------ PROVIDED ENTRIES

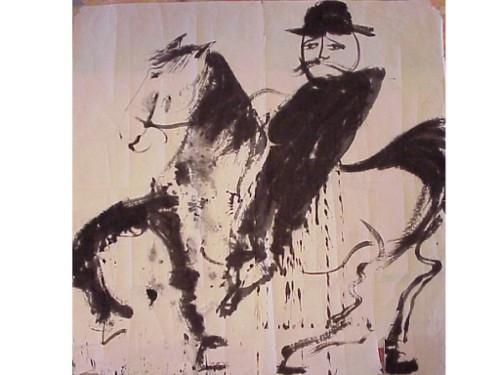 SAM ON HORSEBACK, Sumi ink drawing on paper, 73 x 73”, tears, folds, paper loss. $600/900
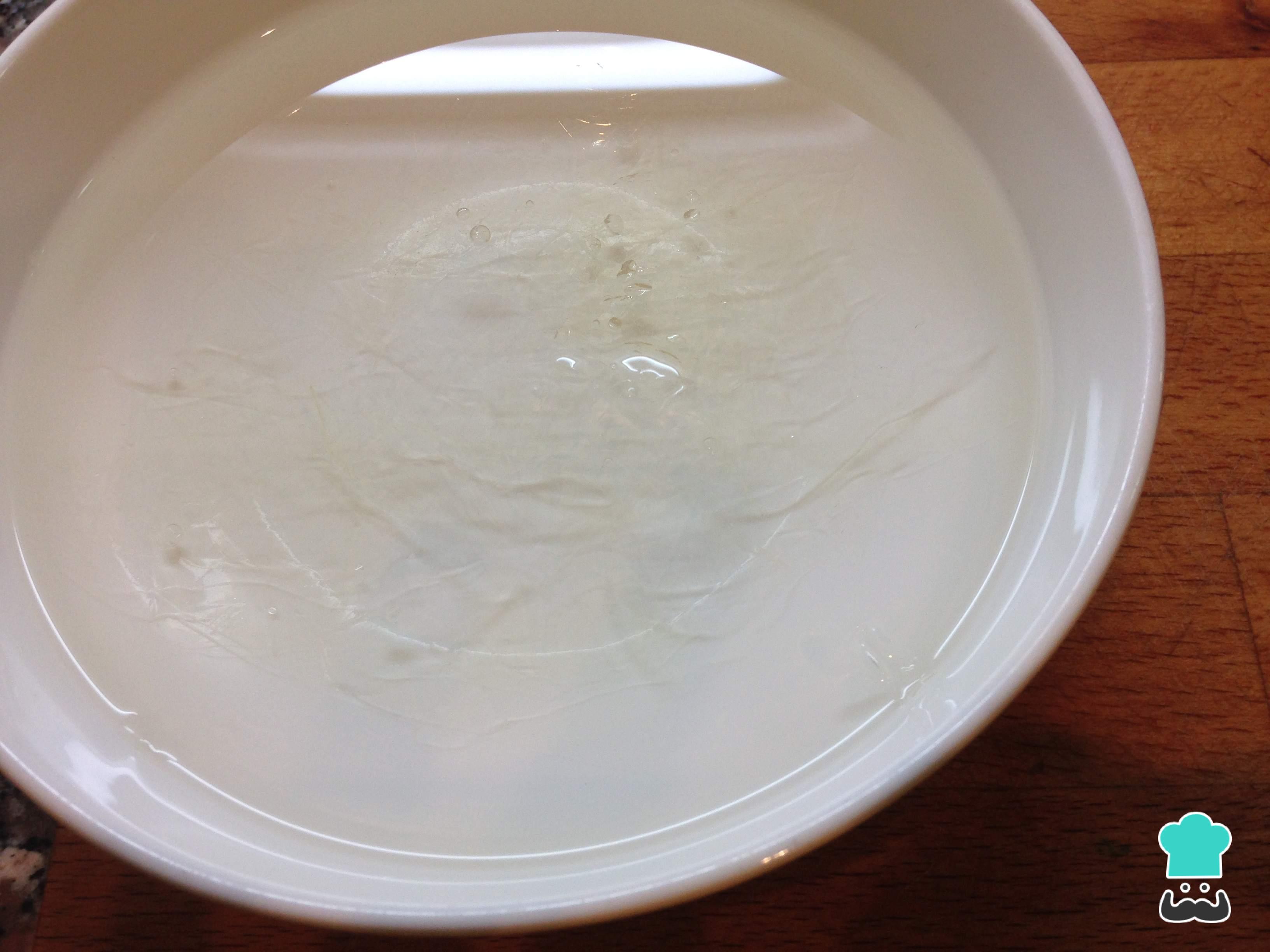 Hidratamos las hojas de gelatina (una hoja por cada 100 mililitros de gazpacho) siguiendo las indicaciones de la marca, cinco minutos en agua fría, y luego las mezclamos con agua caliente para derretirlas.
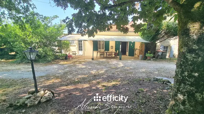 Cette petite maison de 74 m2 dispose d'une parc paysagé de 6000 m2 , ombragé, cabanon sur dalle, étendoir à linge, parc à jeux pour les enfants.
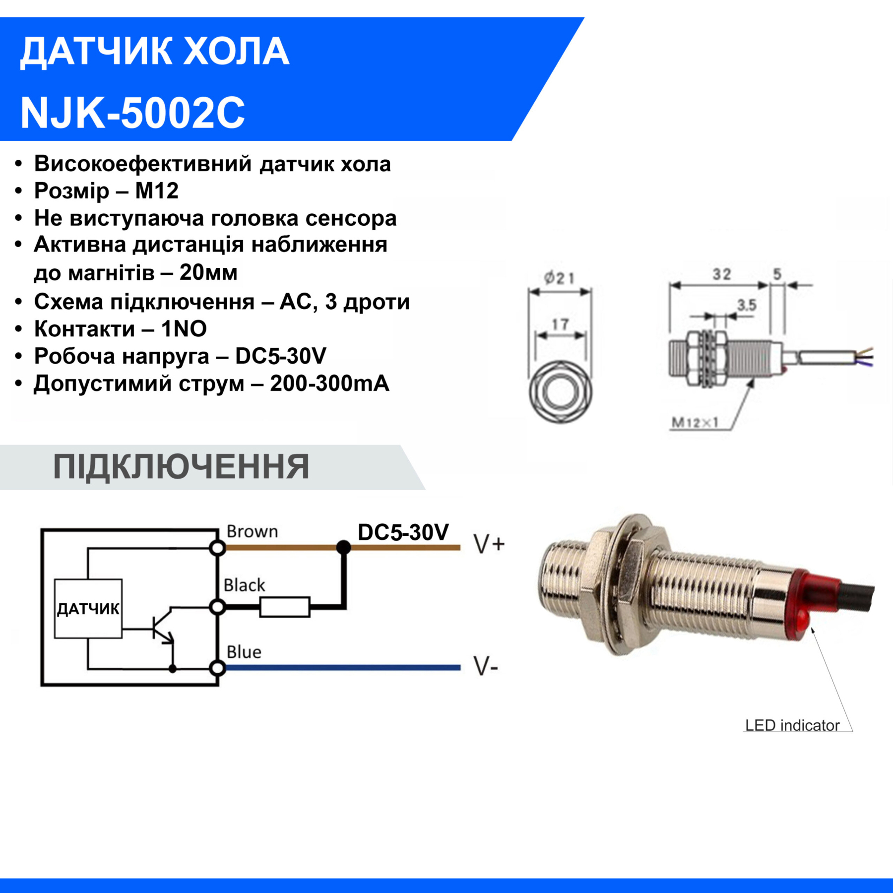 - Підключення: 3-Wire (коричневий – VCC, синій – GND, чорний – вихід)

------------
------ PROVIDED ENTRIES

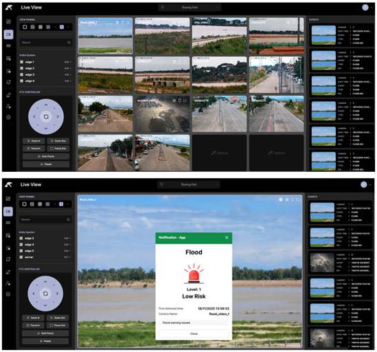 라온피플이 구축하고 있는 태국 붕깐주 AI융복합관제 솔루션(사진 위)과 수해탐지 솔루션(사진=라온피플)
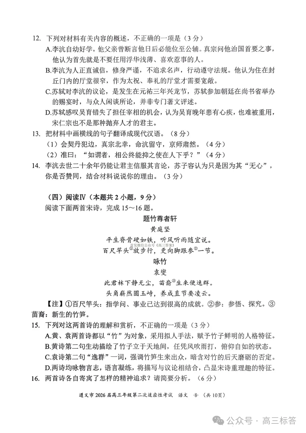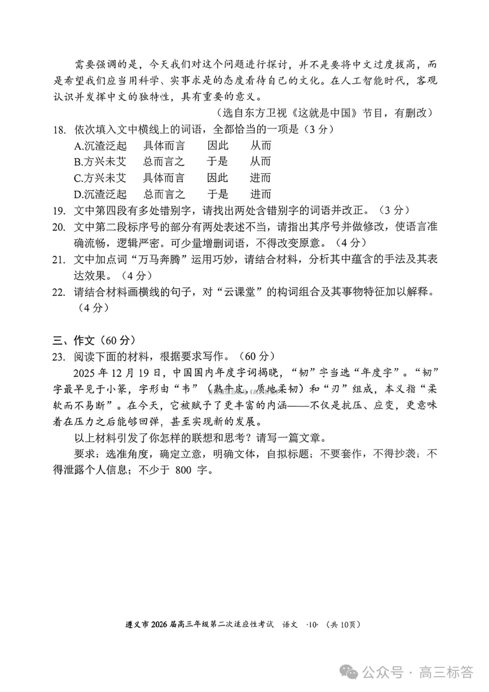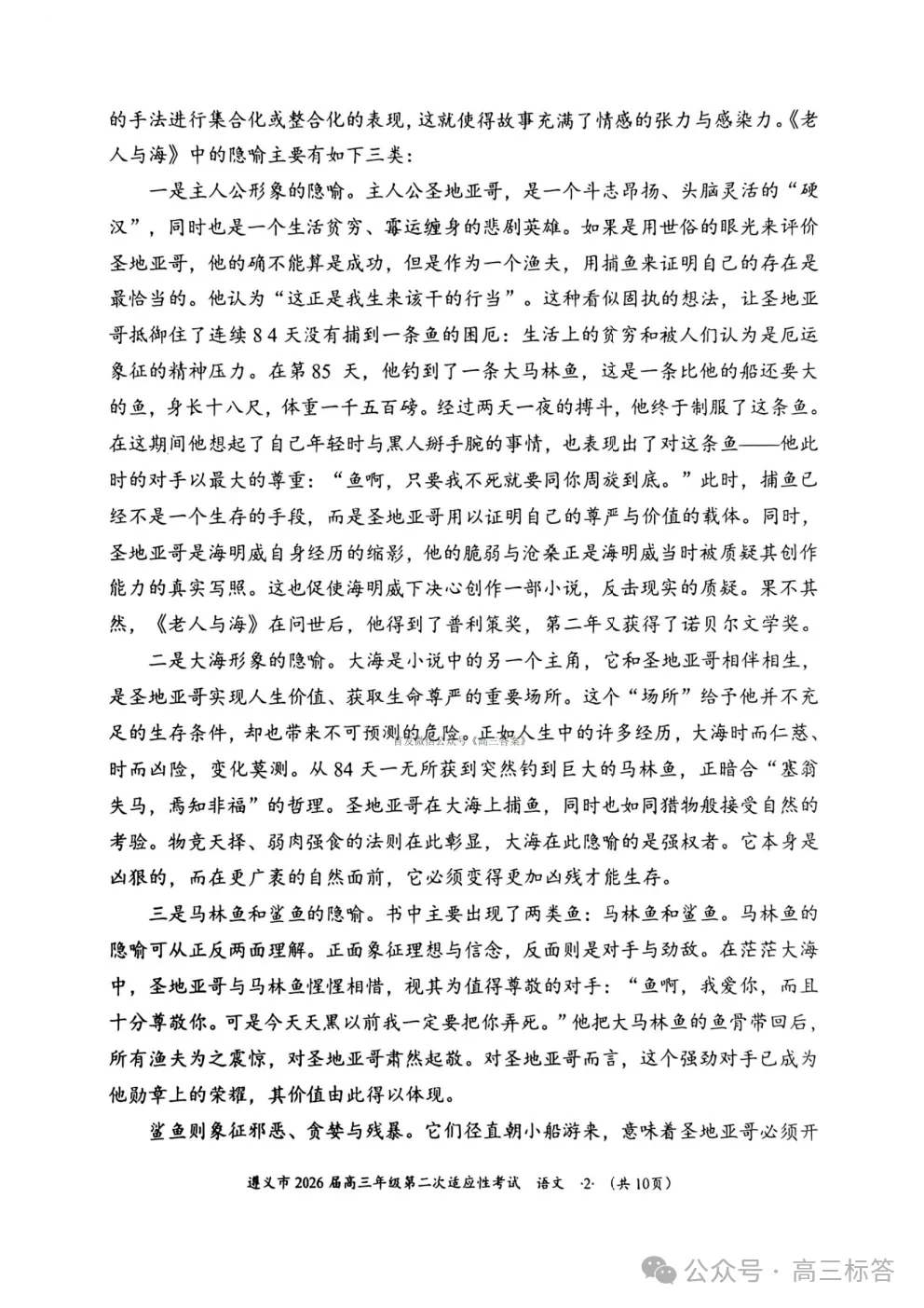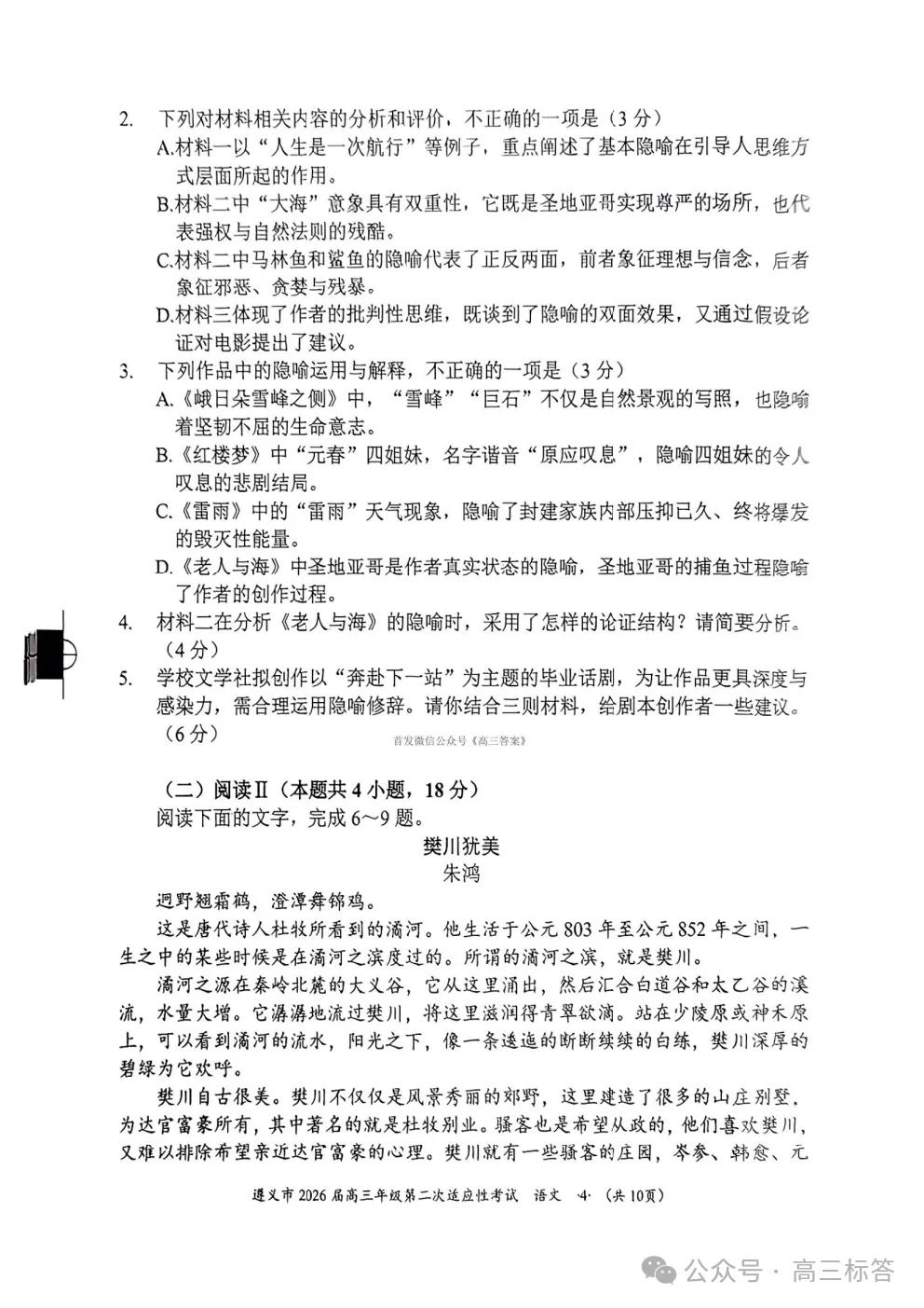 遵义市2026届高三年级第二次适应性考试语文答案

------------

| TASK DESCRIPTION |
The stretch to restate runs from the line above containing "SAM ON HORSEBACK, Sumi" through the line containing "- Підключення: 3-Wire". Copy it word for word, ends included, without pictures.

| SOLUTION TO THIS EXERCISE |
 SAM ON HORSEBACK, Sumi ink drawing on paper, 73 x 73”, tears, folds, paper loss. $600/900
 Hidratamos las hojas de gelatina (una hoja por cada 100 mililitros de gazpacho) siguiendo las indicaciones de la marca, cinco minutos en agua fría, y luego las mezclamos con agua caliente para derretirlas.
 Cette petite maison de 74 m2 dispose d'une parc paysagé de 6000 m2 , ombragé, cabanon sur dalle, étendoir à linge, parc à jeux pour les enfants.
 - Підключення: 3-Wire (коричневий – VCC, синій – GND, чорний – вихід)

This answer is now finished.